SOA done right: the Amazon strategy

Summary:I survived the Google Seattle scalability conferenceAnd Seattle's "summer" weather! The conference was titled "The Seattle Conference on Scalability".

I survived the Google Seattle scalability conference And Seattle's "summer" weather! The conference was titled "The Seattle Conference on Scalability". The Google hosts were wonderful. I met some fellow bloggers and a lot of smart folks from massive scale websites, and some that hope to become massive scale websites.

What is the leading edge of scalability? 1,000,000 node clusters in five years, up from 25,000 node clusters today. Another spoke of 100x current scalability in the next few years. New plumbing to enable 10 GigE to handle massive clusters. Programming tools that enable a few dozen lines of code to put thousands of nodes to work.

Rather than summarize the entire conference in a few paragraphs or pages, which would hardly do it justice, I'm going to hit on some topics of particular interest over the next few days. Today's topic is the Amazon approach to a service oriented architecture (SOA). Werner Vogels and Swami Sivasubramanian presented at length on Amazon's experience.

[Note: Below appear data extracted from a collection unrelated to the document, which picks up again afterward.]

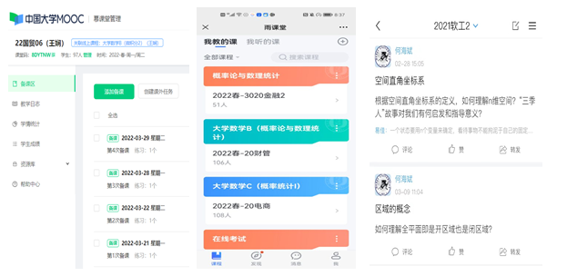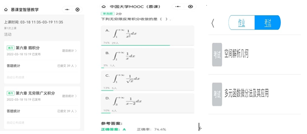 为保障线上教学不受网络等原因影响,使授课过程达到最佳效果,并充分结合课程特点、授课需要,大数部各教研室通过不断实践摸索,总结出了适合课程组需要的授课模式。如:微积分课程组采用自有慕课+直播混合式教学模式、高等数学教研组采用自建课程+直播混合式教学模式、概率论与数理统计课程组采用雨课堂+QQ群直播混合教学模式,线性代数课程组采用学习通+内嵌腾讯会议混合教学模式。
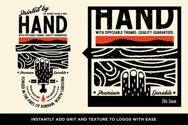 Authentic Screen Printing Toolkit 是一个多合一的打印包,可帮助您在 Illustrator 中添加纹理,并为客户或打印机做好准备,而无需任何额外资源。
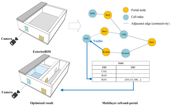 Besides, there are significant technological challenges when applying a large number of BIM models to the geographic environment with limited hardware resources. Previous studies have generally reduced geometric data by mesh simplification or by conversion to lower level of detail (LOD) models [16,17]. However, these approaches can change topological relationships between indoor spaces and the geometric accuracy of the building [18]. To address this issue, some studies have extracted exterior entities from BIM models, which can dynamically reduce geometric information by removing non-exterior entities from outdoor views. Moreover, when entering into the indoor space, it is possible to load indoor entities and even remove other BIM models from outdoor scenes [18,19]. However, previous algorithms face the following two problems. First, current methods directly remove occluded features and neglect special BIM semantics (e.g., transparent window or open door), which may lose some geographical features. Specifically, previous methods cannot observe complete outdoor scenes near windows from indoor views, and cannot see complete indoor information near windows from outdoor views, which causes an unreasonable roaming process and limits the spatial analysis and application in the smart city. For example, a previous study lost a part of exterior building features, and thus could not support solar radiation and lighting analysis (such as the interior solar shading analysis) in the green building [20]. Second, the algorithms explicitly did not focus on the visualization optimization in the indoor space further, which may have heavy hardware resources when loading large and complex indoor buildings from indoor views. Therefore, we noticed that the indoor environment can be divided into multiple enclosed spaces, and other invisible indoor spaces (e.g., rooms) removed by the current location of the indoor view would efficiently reduce data volume.
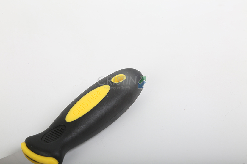 加厚型不銹鋼油灰刀,除具有普 通油灰刀的傳統(tǒng)特點(diǎn)外還具有開(kāi) 啟瓶蓋、 起釘功能;刀體圓弧可 以在清洗滾筒時(shí)擠出多余涂料; 鋒利刀尖可用于挖開(kāi)破損開(kāi)裂的 墻體;鋒利的刀刃用于刮鏟效率 極高。
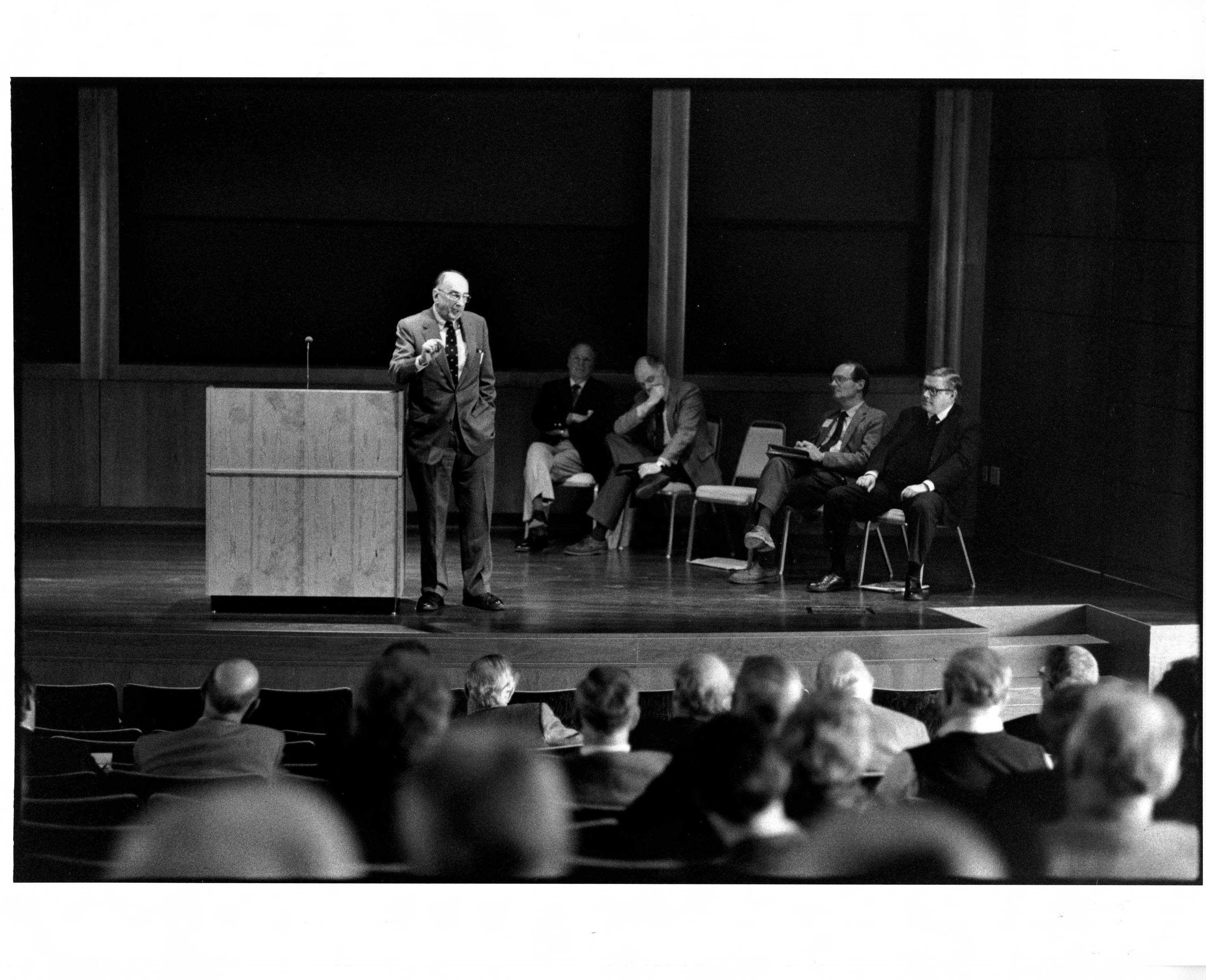 Peter Paret (seated, on stage, second from left) and unidentified others at the March 12-13, 1993, conference held at the Institute for Advanced Study on "The History of War as Part of General History." School of Historical Studies Faculty member Paret chaired the conference.

SOA done right I've been critical of SOA hype because - in a nutshell - SOA isn't based on business metrics. Architects and devs can gush all they want, but until you can show hard business benefits you'll get a wave-off from the bean counters. As you should.

I've also been impressed by Amazon's path to highly scalable SOA because they've made every mistake in the book, starting with a hairball app, moving to a mainframe and finally a fully distributed SOA model.

How distributed? Every Amazon web page calls on at least 150 services. IMHO, the most important statement of the day was when Werner noted that "resource sharing without contracts kills scaling." If your services can't scale, your SOA dreams are DOA.

Bi-lateral talks The contract covers what the service promises against certain demand levels. The key is that both the demand side and the supply side are covered by the contract. This is the simplest level of business metric.

If the service doesn't meet the SLA when the demand exceeds the contract, too bad. As he noted several times, Amazon is all about getting the customer's money. It is a business, and developers are expected to know business requirements.

Decompose the problem So what is the key to scalable services? State management. Saving state to a database guarantees scaling failure. So how do you keep some having to save state? By decomposing the problem so it can be solved with smaller, simpler tools. Simple tools are more scalable.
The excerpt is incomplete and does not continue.